FMLA - Company size
Amy
2 Posts
Is is true that a company of less than 50 employees does not need to offer FMLA, however if a company of that size posts FMLA than it can be held liable to offer it. Is this thinking correct?
Comments
*No FMLA violation because exempt employer adopted leave policy*
An exempt employer that voluntarily adopted the terms of the Family and Medical Leave Act (FMLA) cannot be held in violation of the statute, the Sixth Circuit has ruled.
*Facts*
A pregnant woman was employed in a medical equipment company's Holland, Ohio, office as an image processing coordinator in December 1994 when she was granted unpaid maternity leave. In January of that year, the company had amended its employee handbook to reflect the terms of the FMLA. The policy stated that employees who had worked for the company for at least 12 months and at least 1,250 hours during the previous 12 months would be entitled to take up to 12 weeks of unpaid family and medical leave.

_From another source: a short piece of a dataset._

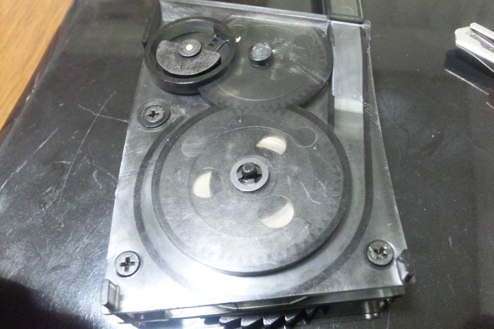 ゲームで使用していると上のギアのピンが抜け落ちて給弾ルートに入り込むことがあります。次世代M4系のマガジンでも同様の症状を確認しています。メンテナンスの際もこのピンを抜くことはまず無いので、ピンを外側から接着剤で固定しました。「軸の先端に接着剤を塗って挿入」ってやると、十中八九ギアに接着剤が付いて回転しなくなります。固定する場合は外側から固定しましょう。

When the employee returned from her leave, she was notified that her former position had been abolished in a corporate reorganization. She was offered her choice of three positions -- as a sales secretary, receptionist, or customer service representative.
The employee filed suit, claiming that she was not offered an equivalent position in violation of the FMLA. Her contention was upheld by the federal district court, which ruled that although the company did not technically come under the ambit of the statute, it had modified its at-will employment relationship with the employee by adopting the terms and obligations of the FMLA. The court held that the company was required to reinstate the employee to an equivalent position after she completed maternity leave and that the company had complied by offering her a position as a secretary.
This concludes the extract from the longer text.